# Goal of the exercise
Write the data below out exactly as it stands. Do not include the pictures.

# Collected data

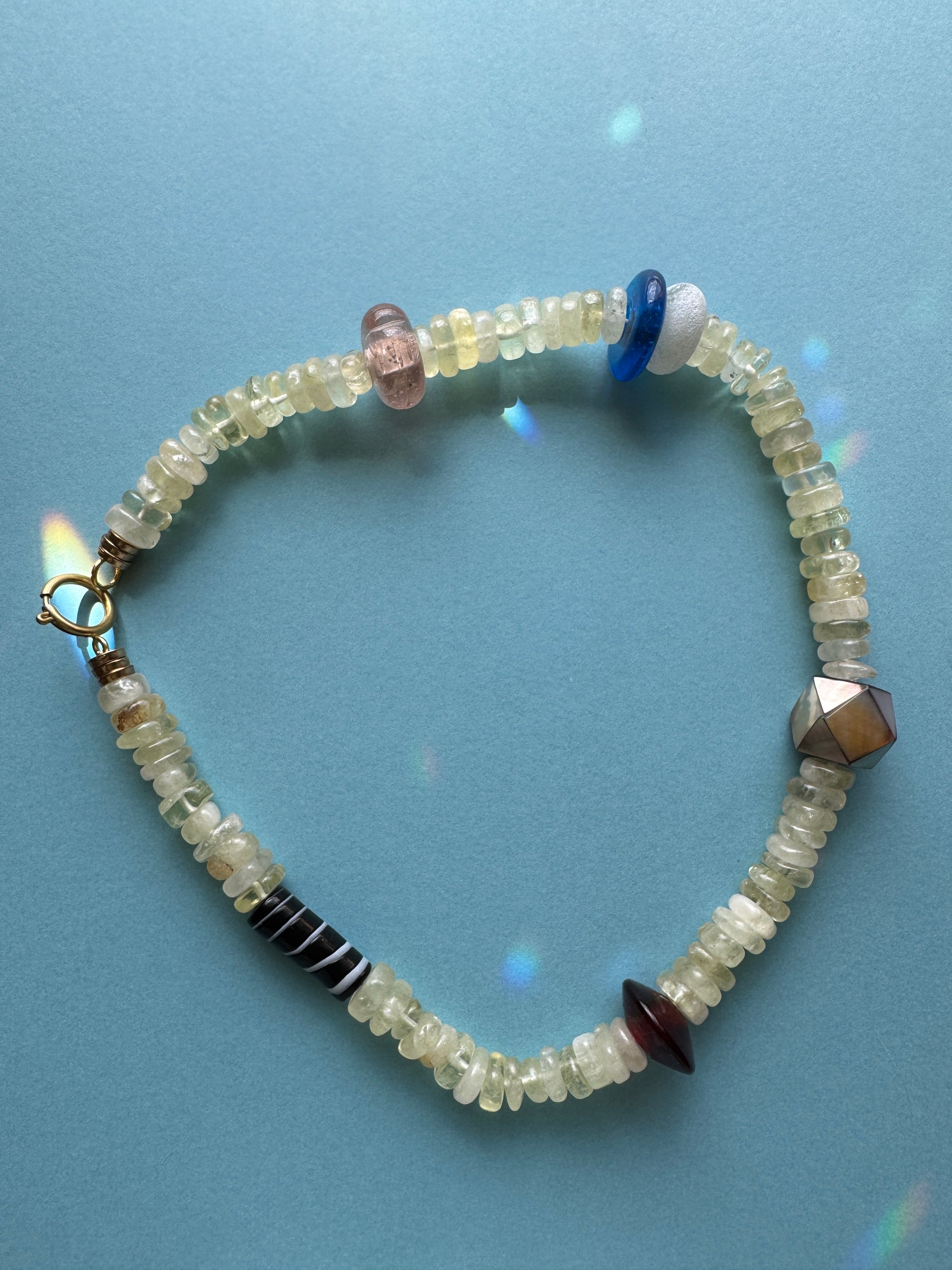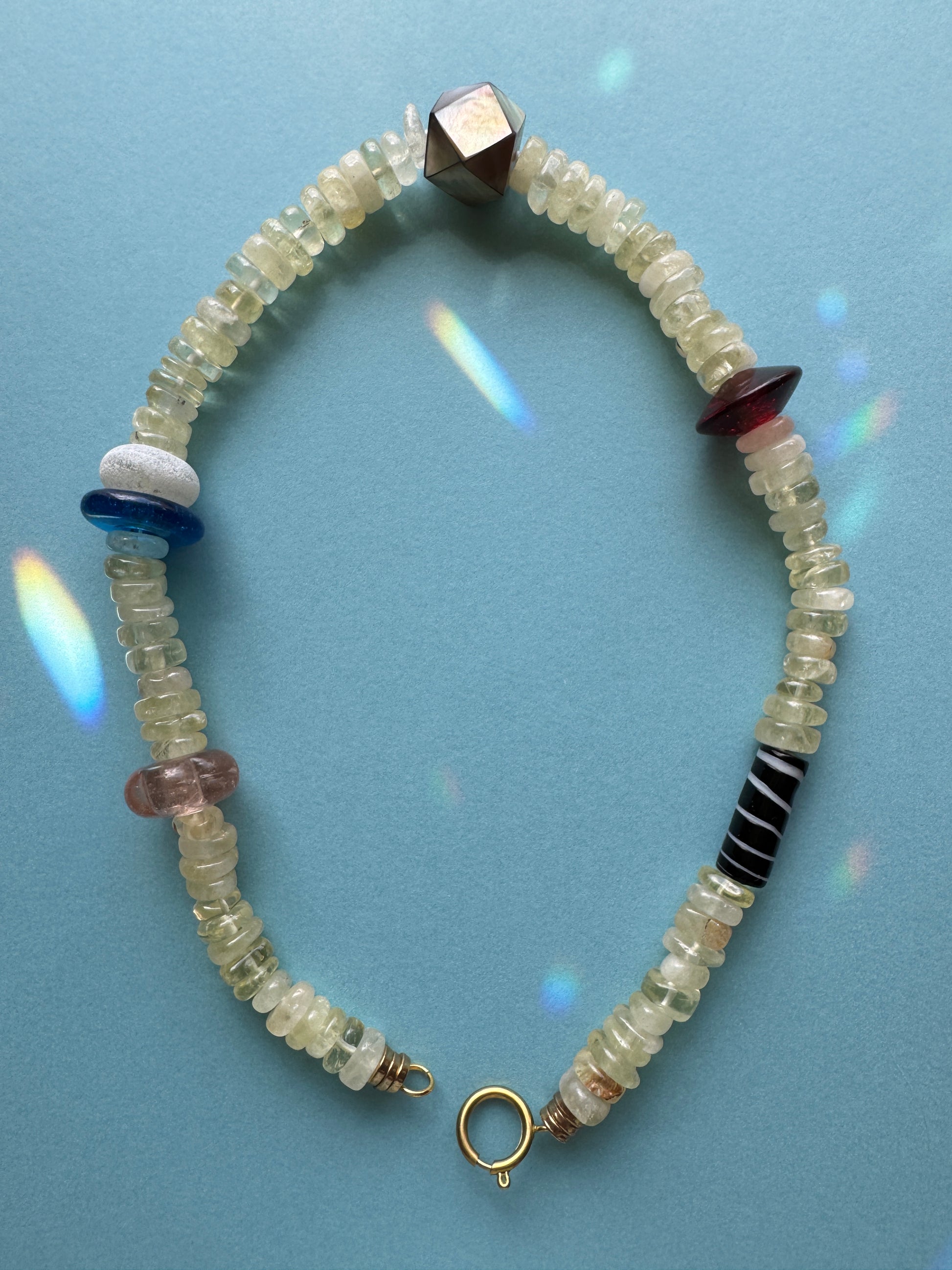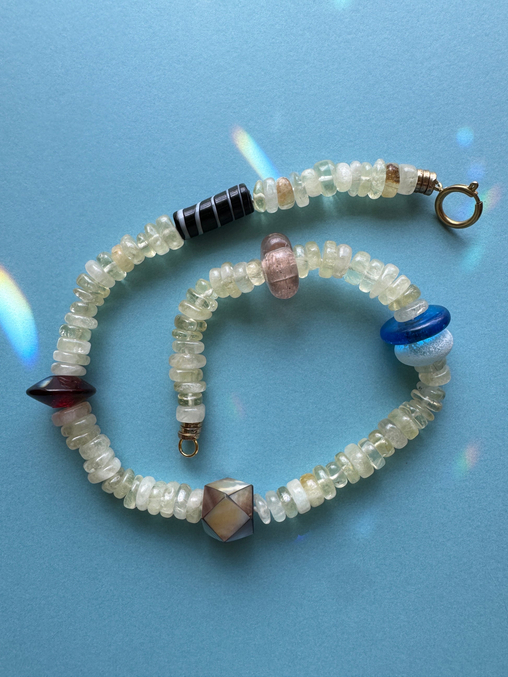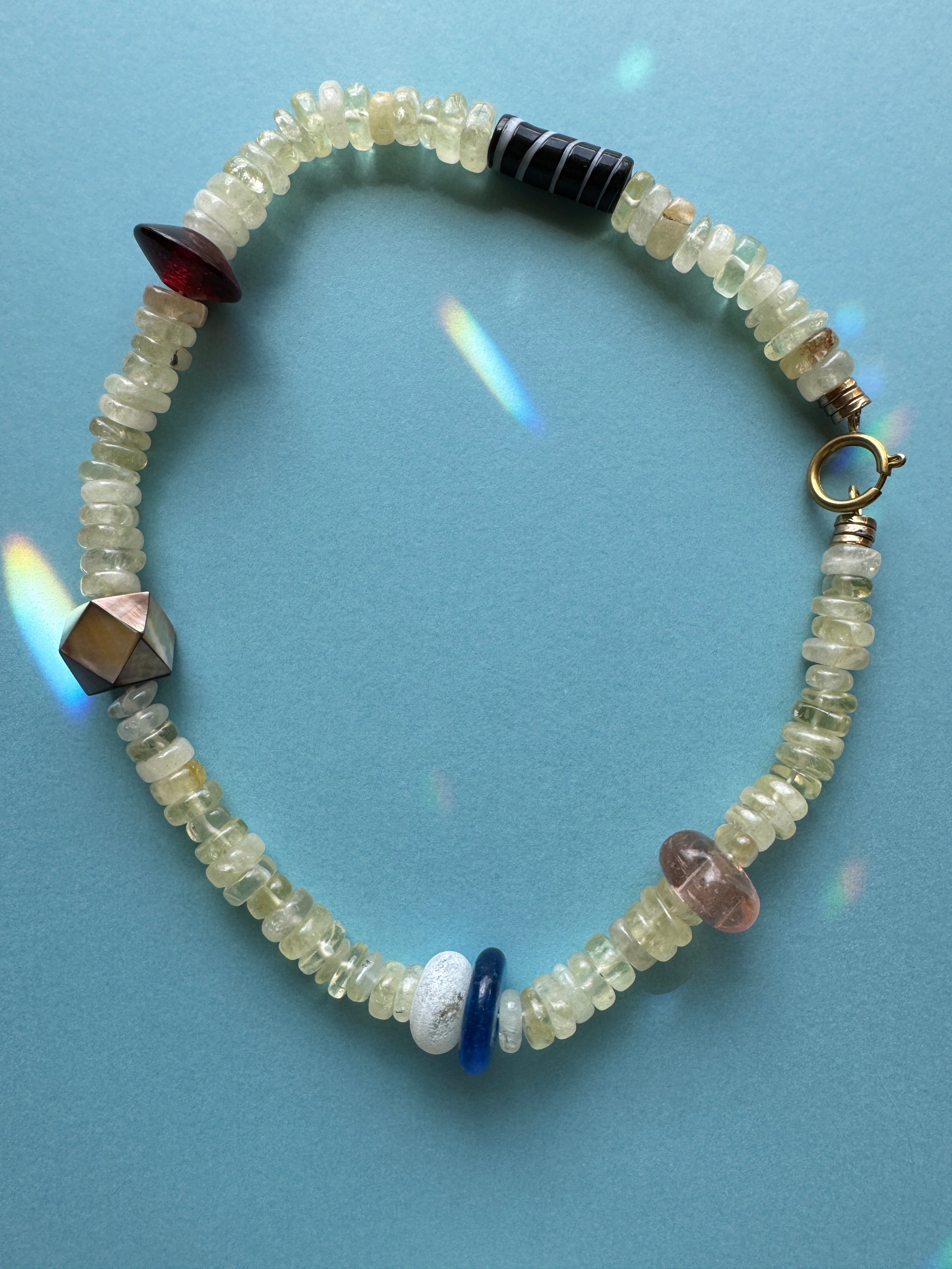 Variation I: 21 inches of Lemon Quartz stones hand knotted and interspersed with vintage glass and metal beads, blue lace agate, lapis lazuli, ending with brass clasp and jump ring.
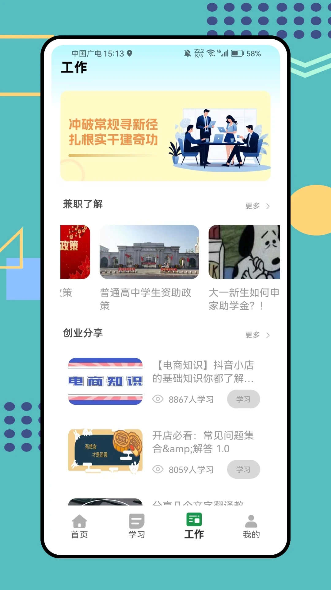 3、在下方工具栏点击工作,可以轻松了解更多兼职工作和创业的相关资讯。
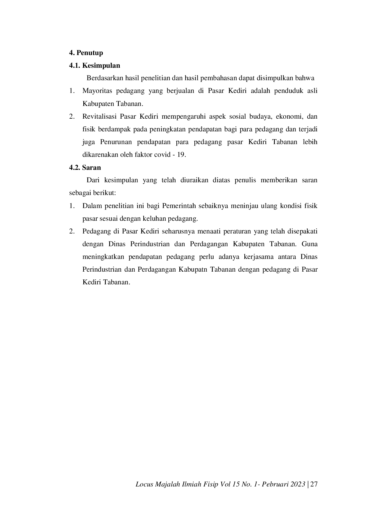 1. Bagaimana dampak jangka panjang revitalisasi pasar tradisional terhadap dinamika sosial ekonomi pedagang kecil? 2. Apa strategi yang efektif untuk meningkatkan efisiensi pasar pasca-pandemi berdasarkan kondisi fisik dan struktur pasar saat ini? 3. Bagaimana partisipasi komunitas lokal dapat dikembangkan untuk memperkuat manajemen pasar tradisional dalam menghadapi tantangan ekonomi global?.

# Response to this exercise
 Variation I: 21 inches of Lemon Quartz stones hand knotted and interspersed with vintage glass and metal beads, blue lace agate, lapis lazuli, ending with brass clasp and jump ring.
 3、在下方工具栏点击工作,可以轻松了解更多兼职工作和创业的相关资讯。
 1. Bagaimana dampak jangka panjang revitalisasi pasar tradisional terhadap dinamika sosial ekonomi pedagang kecil? 2. Apa strategi yang efektif untuk meningkatkan efisiensi pasar pasca-pandemi berdasarkan kondisi fisik dan struktur pasar saat ini? 3. Bagaimana partisipasi komunitas lokal dapat dikembangkan untuk memperkuat manajemen pasar tradisional dalam menghadapi tantangan ekonomi global?.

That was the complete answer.